# Tire sizes



## thebac (Jul 29, 2017)

I always use this calc: Tire Size Comparison

Hard to believe, but the old Cruze tire size (the 215s) is 1.3" taller than the newer size (205s). Your speedo will be "slow" by a couple mph.
Looked at a '19 Cruze the other day,, and the OEM tires looked like little donuts on it.


----------



## MP81 (Jul 20, 2015)

Why do you want to change the tire size away from stock?


----------



## Blasirl (Mar 31, 2015)

PhillyTech said:


> I have a 2016 Chevy Cruze LT with the air pressure sensor system.

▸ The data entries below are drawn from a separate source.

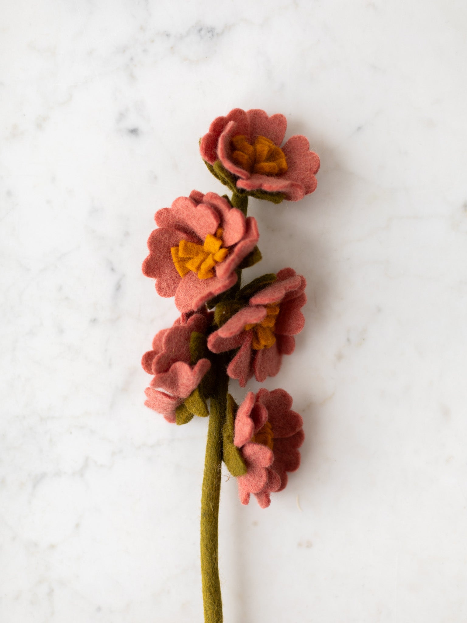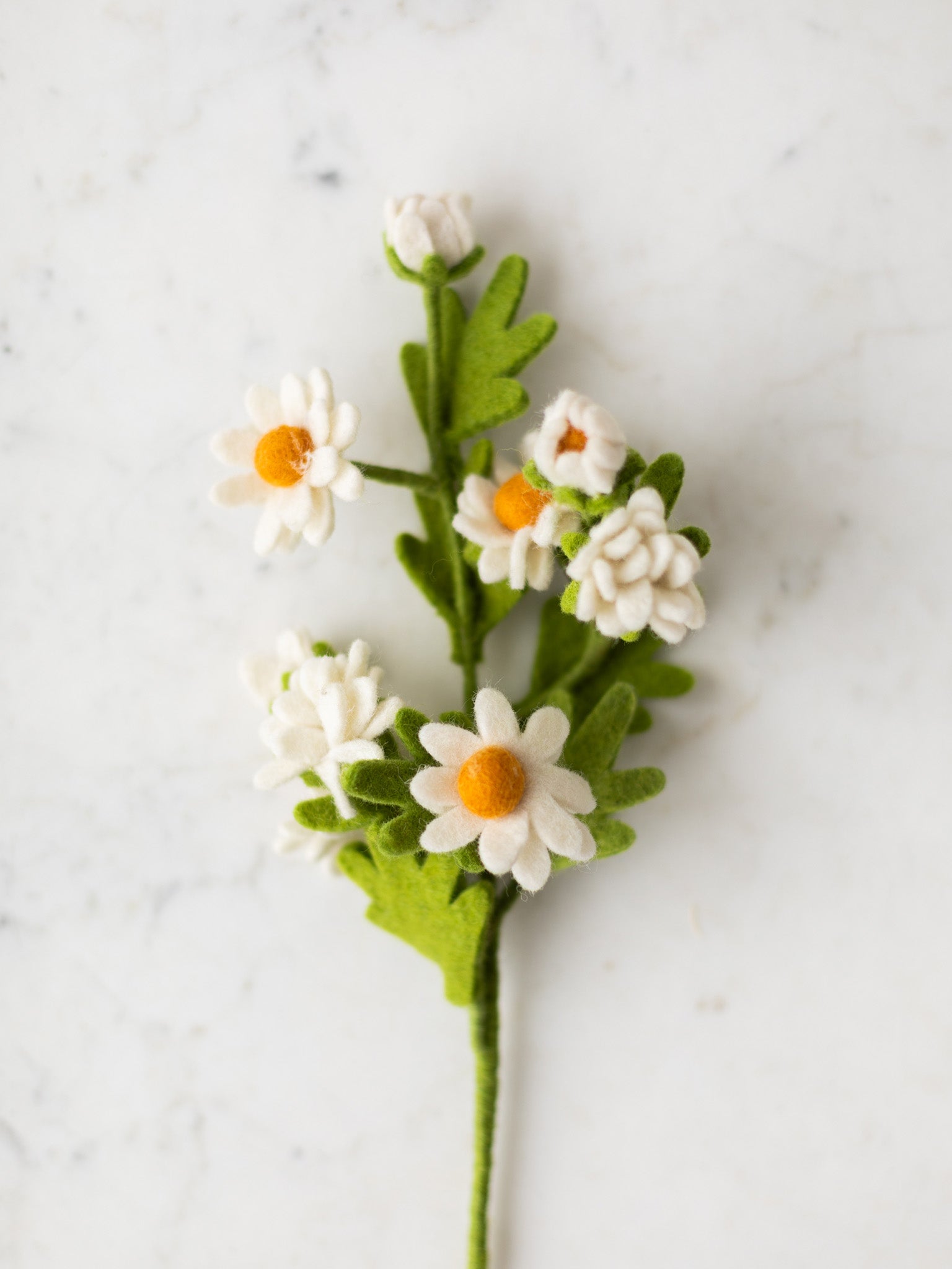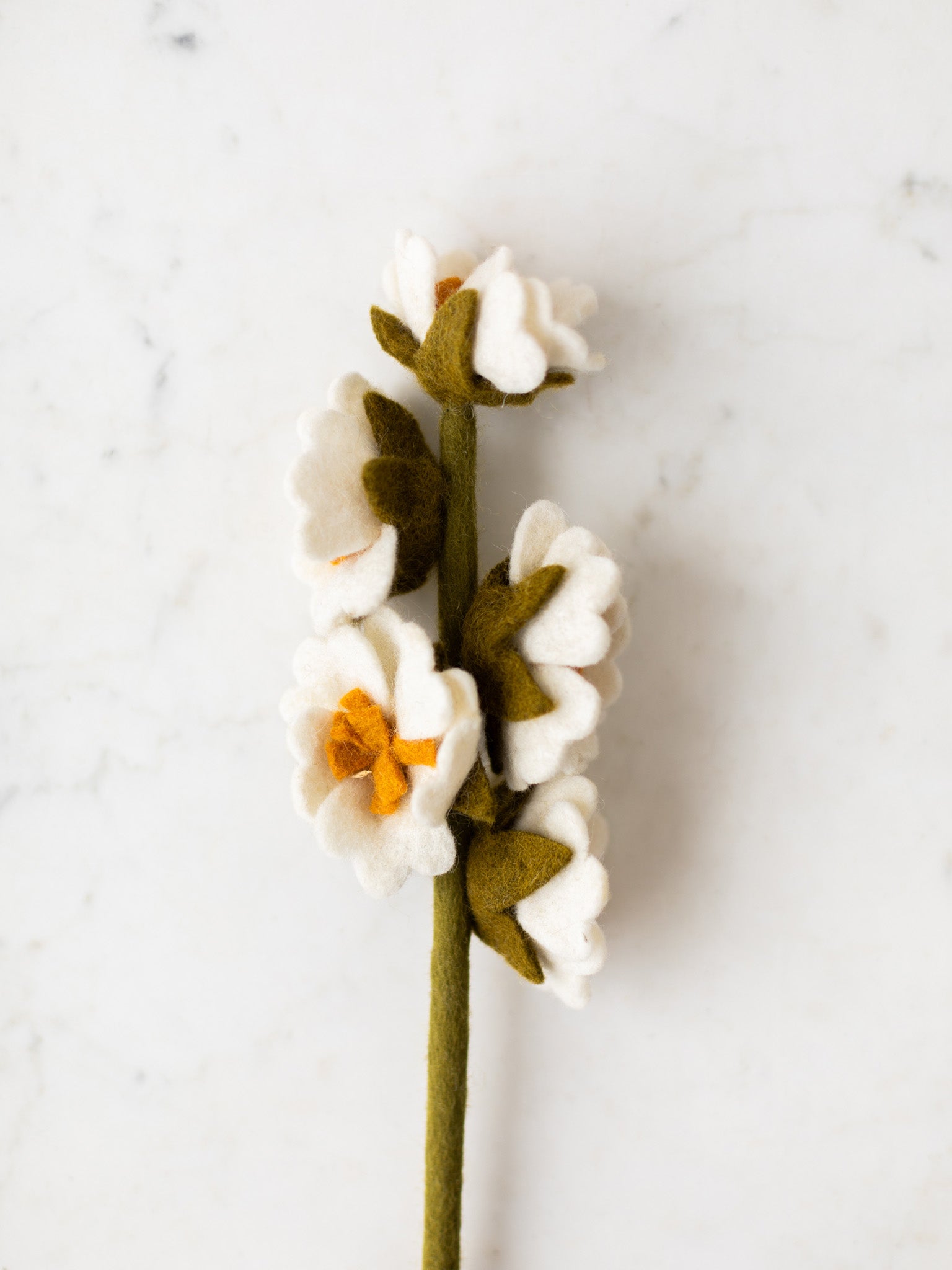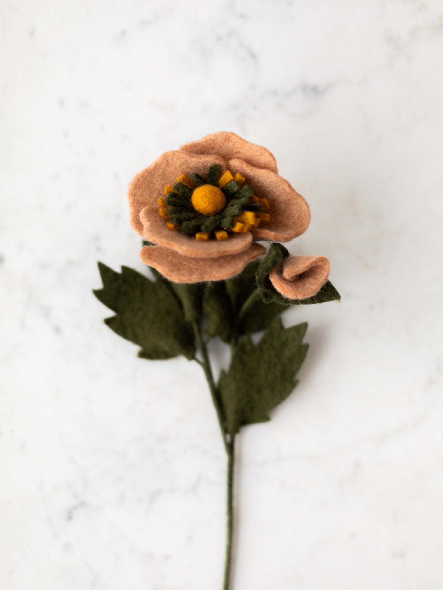 These handmade felted wool flowers bring the feeling of fresh blooms into the home, with varieties ranging from chamomile and peony to cherry blossom, dogwood, and soft hydrangea bundles. Each stem can be styled on its own for a simple statement or gathered together to create a fuller arrangement that lasts through every season. A flexible wire stem gives each flower gentle structure, making it easy to display in a tall vase or tuck into an existing bouquet.
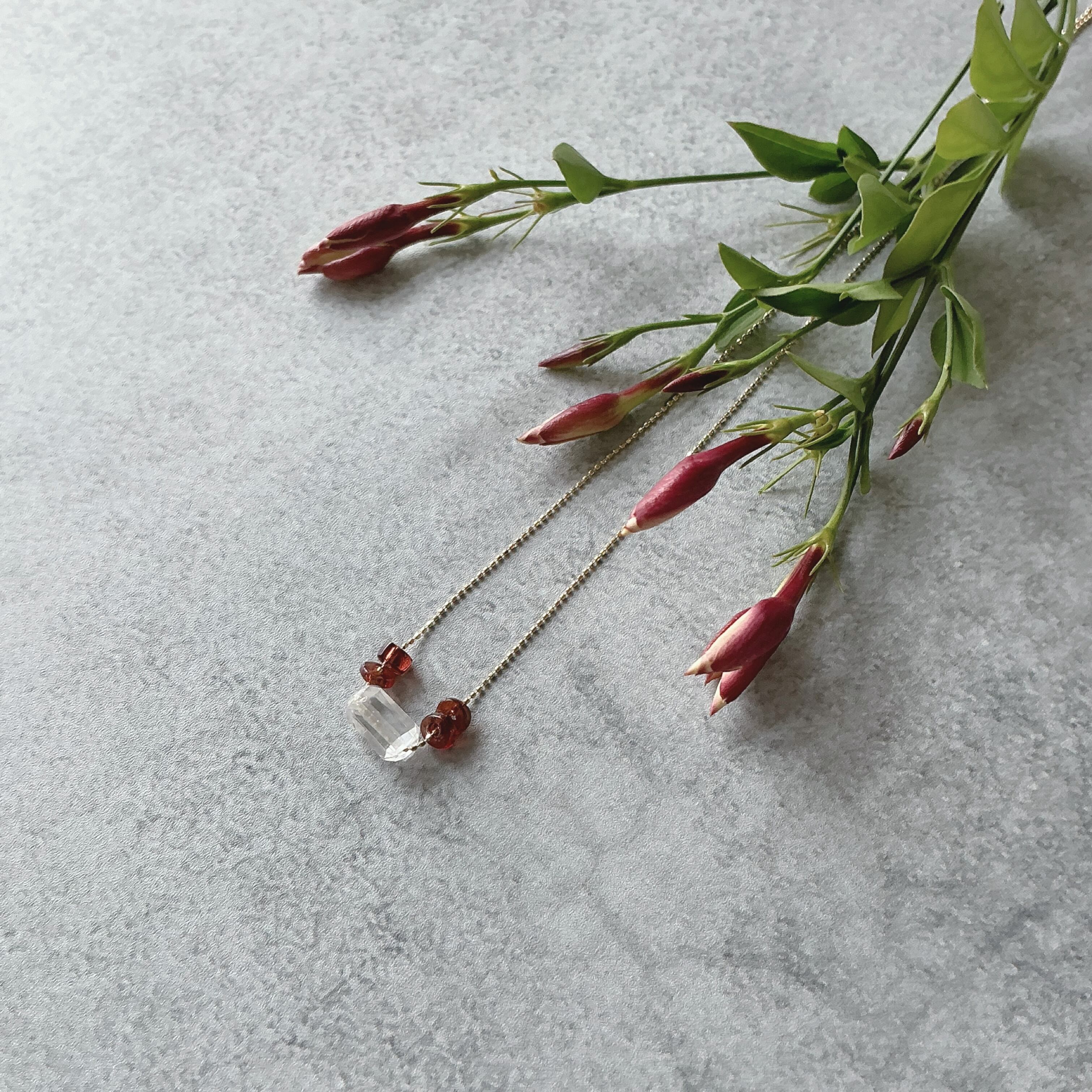 総合的な石言葉ですが、「繁栄」「慈愛」「優しい」「純粋」「愛」「バランス」「実り」など様々な石言葉がならびます。"ゆとり" というワードはなんだか心をホッとさせるような存在。時間のゆとり、経済的なゆとり、心のゆとり、いろいろなゆとりがありますが、どれもこれもなんとも言えない嬉しさや安心感があります。ゆとりがあったら良いな〜そう思う時、比較的、身体や頭の中など力が入ってしまっている状態が続いている事が多いとか。優しくも強いクンツァイトと女性の守り神のガーネットを胸に天然石との日常を楽しむ中で、心や身体を緩め"ゆとり"を意図的に作っていくきっかけにHanaemiのアクセサリーを楽しんでいただけたら幸いです。
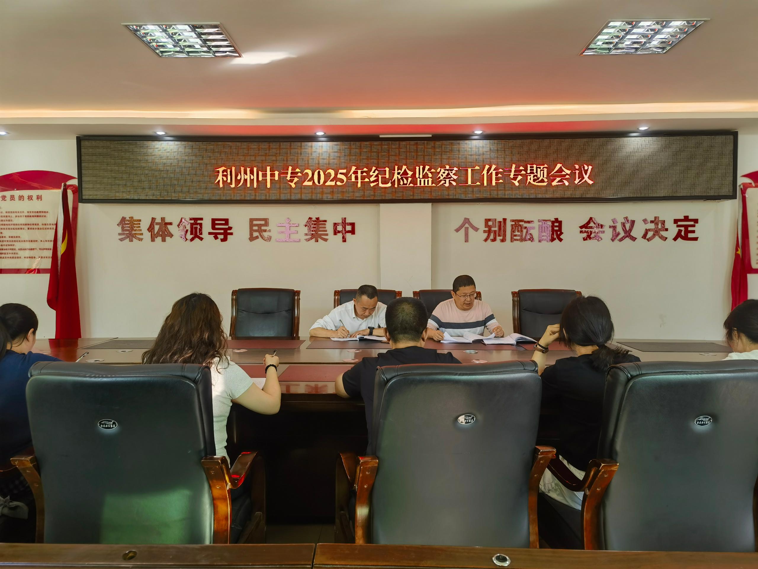 为深入贯彻落实全面从严治党战略方针,整合监督资源,凝聚监督合力,切实提升学校党风廉政建设和反腐败工作水平,9月25日下午,利州中专召开2025年纪检监察工作专题会议。市纪委监委驻利州中专纪检监察组干部、学校纪委委员、各党支部纪检委员参加会议?;嵋橛裳5澄笔榧墙鞒?。
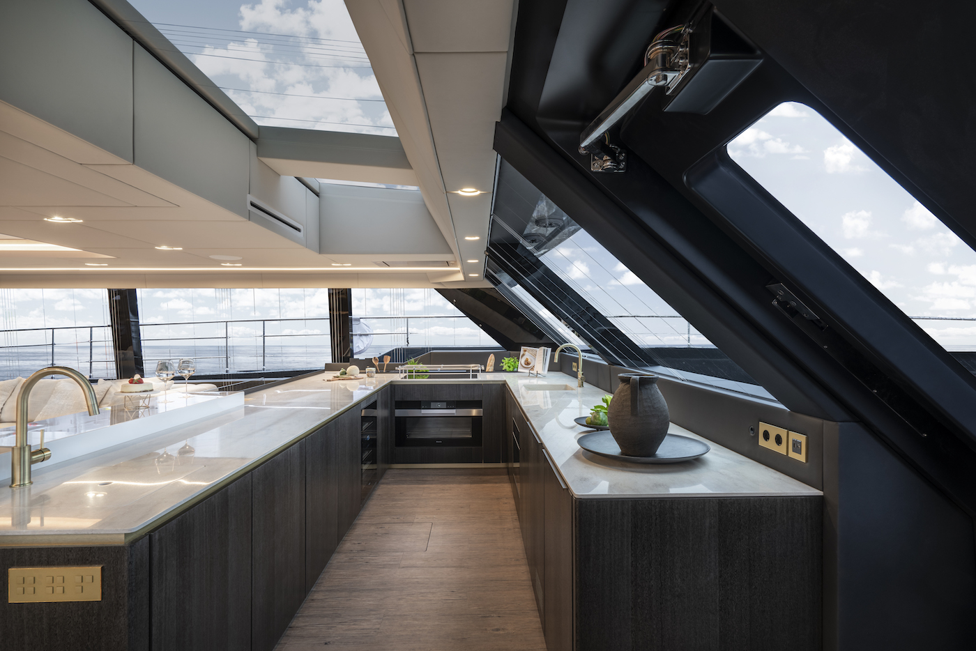 The galley is placed forward to port while the helm controls are to starboard, and a forward doorway centre leads out onto the foredeck. The guest area behind is furnished with a sofa-lounger, armchair and coffee table to port ...

The tires I have on the car are 205/55/16. I am getting new tires tomorrow and want to know if I can put 215/60R16 on my car. I want to put Bridgestone Turanza Quiet Track tires on my car. Will this work please help


Welcome Aboard!

Wheel / Tire size chart for US Spec Gen I Cruze's 
Tires, everything you need to know about sizes for the cruze. 
What I did:
*Choosing new tires*

Don't forget to introduce yourself and your Cruze here.


----------



## JLL (Sep 12, 2017)

I'm guessing you probably could depending on wheel well clearance. The 215/60R16 is probably a cheaper size too. At least it was during my 10 year tenure with Goodyear.


----------



## CRUISE-CRUZE (Nov 8, 2010)

Use the
*Tire Comparison*
Tire Size Calculator 
to get an idea what would be the speed difference. I use sometimes smaller size (and narrower) winter tires and if the display is indicating 70MPH, in reality I have only 67. Not a big deal but check the rim and the clearances to make sure the tire will fit.


----------



## Ma v e n (Oct 8, 2018)

That's a large size difference. You may run into strut clearance issues.


----------